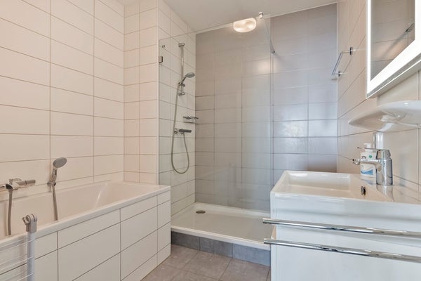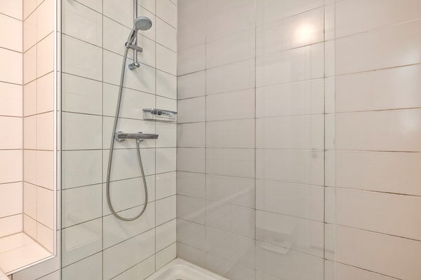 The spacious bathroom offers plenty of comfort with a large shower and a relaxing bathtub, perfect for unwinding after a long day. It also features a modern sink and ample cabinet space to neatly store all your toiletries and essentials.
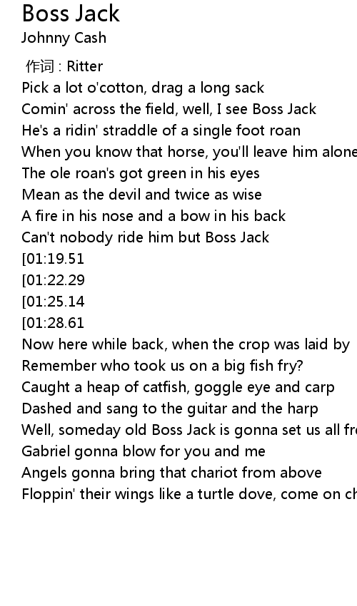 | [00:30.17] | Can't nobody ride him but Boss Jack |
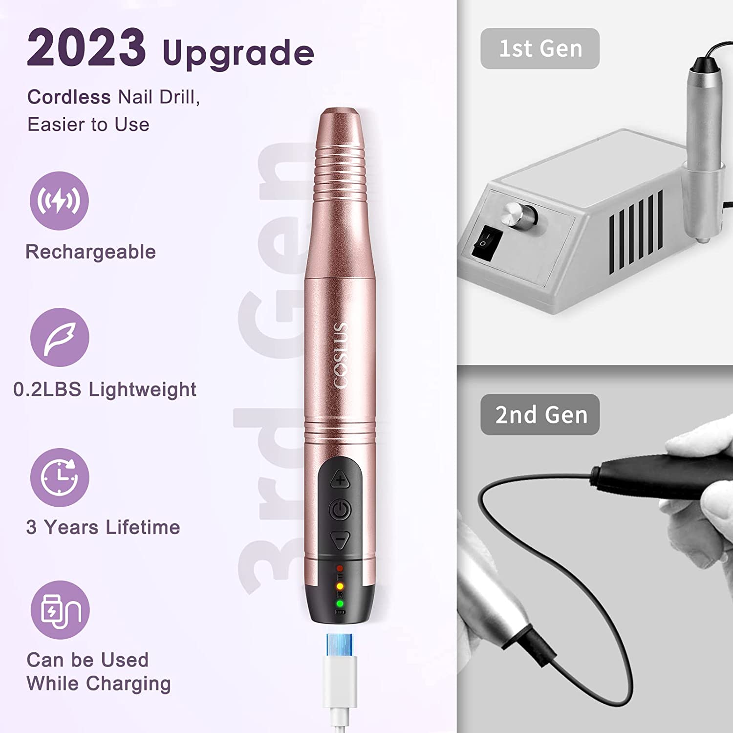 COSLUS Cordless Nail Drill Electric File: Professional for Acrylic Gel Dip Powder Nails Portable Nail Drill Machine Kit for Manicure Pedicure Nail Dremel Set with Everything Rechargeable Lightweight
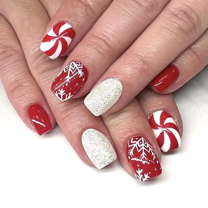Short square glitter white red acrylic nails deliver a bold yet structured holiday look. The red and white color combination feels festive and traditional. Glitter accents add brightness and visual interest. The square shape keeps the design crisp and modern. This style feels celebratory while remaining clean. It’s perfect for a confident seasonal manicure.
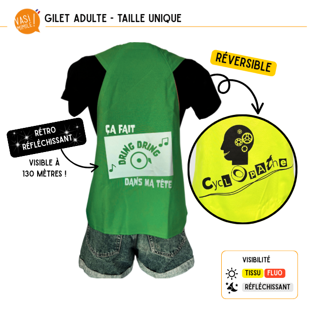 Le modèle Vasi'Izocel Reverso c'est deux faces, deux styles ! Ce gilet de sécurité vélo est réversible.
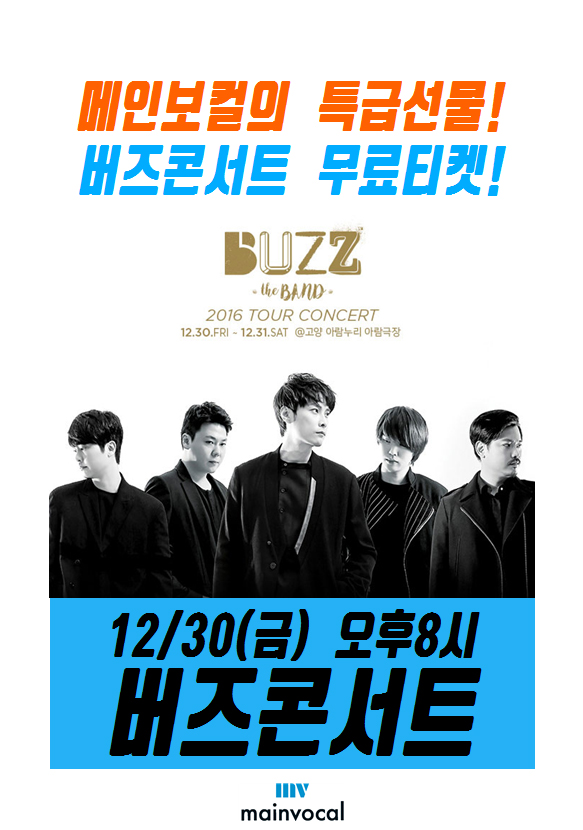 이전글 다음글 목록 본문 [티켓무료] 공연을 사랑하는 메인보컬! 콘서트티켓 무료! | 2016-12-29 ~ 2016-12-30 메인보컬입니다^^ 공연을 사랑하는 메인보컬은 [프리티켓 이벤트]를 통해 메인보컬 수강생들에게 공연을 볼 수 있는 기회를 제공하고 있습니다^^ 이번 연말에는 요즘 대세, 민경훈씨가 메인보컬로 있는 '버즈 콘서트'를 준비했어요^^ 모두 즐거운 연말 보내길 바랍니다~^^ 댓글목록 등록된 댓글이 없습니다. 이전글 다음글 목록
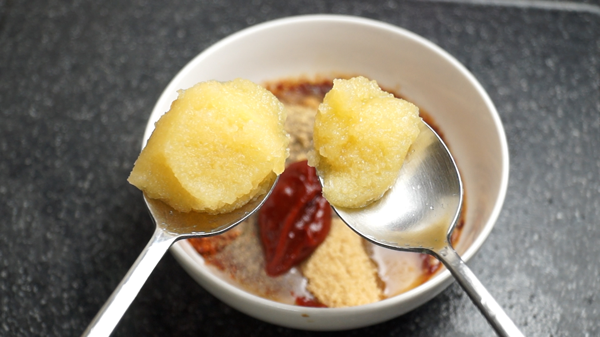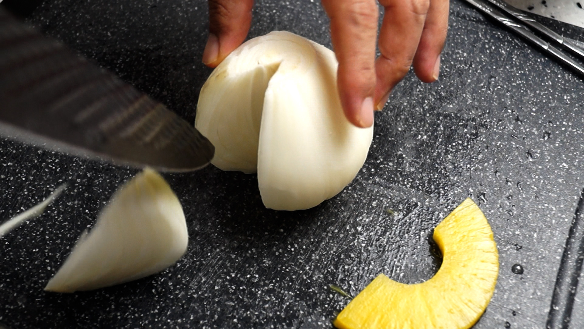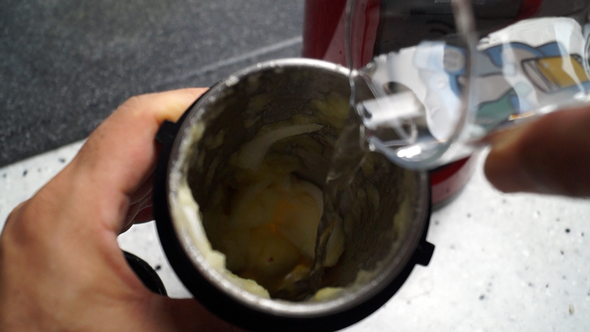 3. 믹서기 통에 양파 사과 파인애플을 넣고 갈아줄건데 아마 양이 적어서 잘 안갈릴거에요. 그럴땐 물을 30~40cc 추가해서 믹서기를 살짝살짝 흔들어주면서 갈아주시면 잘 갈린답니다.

+ + + +

▶ [Exercise requirements]: Leave out the pictures and copy the rest of the material above exactly.

▶ [Result for this exercise]:
 The spacious bathroom offers plenty of comfort with a large shower and a relaxing bathtub, perfect for unwinding after a long day. It also features a modern sink and ample cabinet space to neatly store all your toiletries and essentials.
 | [00:30.17] | Can't nobody ride him but Boss Jack |
 COSLUS Cordless Nail Drill Electric File: Professional for Acrylic Gel Dip Powder Nails Portable Nail Drill Machine Kit for Manicure Pedicure Nail Dremel Set with Everything Rechargeable Lightweight
Short square glitter white red acrylic nails deliver a bold yet structured holiday look. The red and white color combination feels festive and traditional. Glitter accents add brightness and visual interest. The square shape keeps the design crisp and modern. This style feels celebratory while remaining clean. It’s perfect for a confident seasonal manicure.
 Le modèle Vasi'Izocel Reverso c'est deux faces, deux styles ! Ce gilet de sécurité vélo est réversible.
 이전글 다음글 목록 본문 [티켓무료] 공연을 사랑하는 메인보컬! 콘서트티켓 무료! | 2016-12-29 ~ 2016-12-30 메인보컬입니다^^ 공연을 사랑하는 메인보컬은 [프리티켓 이벤트]를 통해 메인보컬 수강생들에게 공연을 볼 수 있는 기회를 제공하고 있습니다^^ 이번 연말에는 요즘 대세, 민경훈씨가 메인보컬로 있는 '버즈 콘서트'를 준비했어요^^ 모두 즐거운 연말 보내길 바랍니다~^^ 댓글목록 등록된 댓글이 없습니다. 이전글 다음글 목록
 3. 믹서기 통에 양파 사과 파인애플을 넣고 갈아줄건데 아마 양이 적어서 잘 안갈릴거에요. 그럴땐 물을 30~40cc 추가해서 믹서기를 살짝살짝 흔들어주면서 갈아주시면 잘 갈린답니다.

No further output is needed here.